最後に、経時変化を見ます。写真、模型、口腔内スキャン、X線、歯周組織検査、症状の推移を使って、進行性か静止性かを判断します。NCCLは一時点の形ではなく、時間軸の中で評価すべき病変です。

結論:力を軽視せず、力で全部を説明しない

NCCL、アブフラクション仮説、咬合性外傷は、いずれも「力」と関係する領域です。しかし、それぞれの概念は同じではありません。

NCCLは、う蝕ではない歯頸部歯質欠損を示す臨床的記述です。病因は多因子性であり、酸蝕、摩耗、清掃習慣、歯肉退縮、咬耗、ブラキシズム、咬合、唾液、年齢などを総合して評価します。

アブフラクション仮説は、咬合応力による歯頸部応力集中が歯質喪失に関与するという力学モデルです。有限要素解析はこの力学的妥当性を支持します。しかし、臨床的因果を確定するエビデンスはまだ十分ではありません。したがって、アブフラクションは確定診断名ではなく、仮説として慎重に扱うべきです。

咬合性外傷は、歯頸部欠損の名前ではありません。過大な咬合力によって歯根膜、セメント質、歯槽骨などの歯周支持組織に生じる反応として評価すべきものです。歯周炎が存在する場合、炎症とメカニカルストレスはRANKL、TRPV4、Piezo1などを介して相互作用し、歯槽骨吸収を修飾しうる可能性があります。

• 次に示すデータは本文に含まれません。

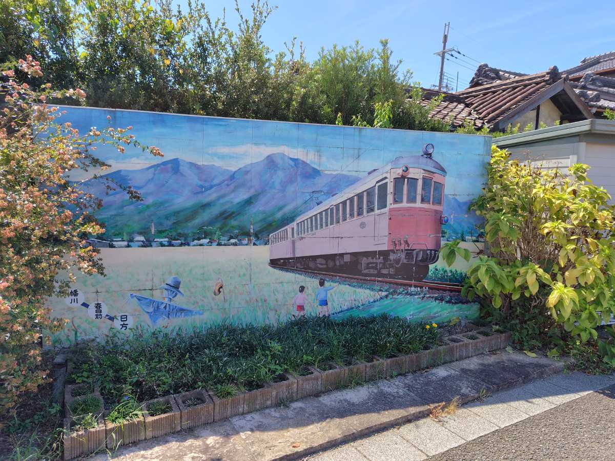 暫く走ると5枚窓が特徴の嘗てのモハ24形と思しき壁画が(道中壁画が結構あります)

臨床では、力を軽視してはいけません。しかし、力で全部を説明してもいけません。

歯頸部欠損を見たとき、私たちがすべきことは「これは力ですね」と決めることではありません。病変の形態、生活背景、酸性環境、清掃習慣、歯肉退縮、咬合、パラファンクション、歯周炎活動性、歯周支持量、経時変化を一つずつ整理し、どの因子がどの程度関与しているかを臨床的に推定することです。

「力を読む」ことは大切です。
しかし、力だけで読まないことは、もっと大切です。

力だけで読む…それは「筋肉は全てを解決する」とか言っている人と同レベルですよ?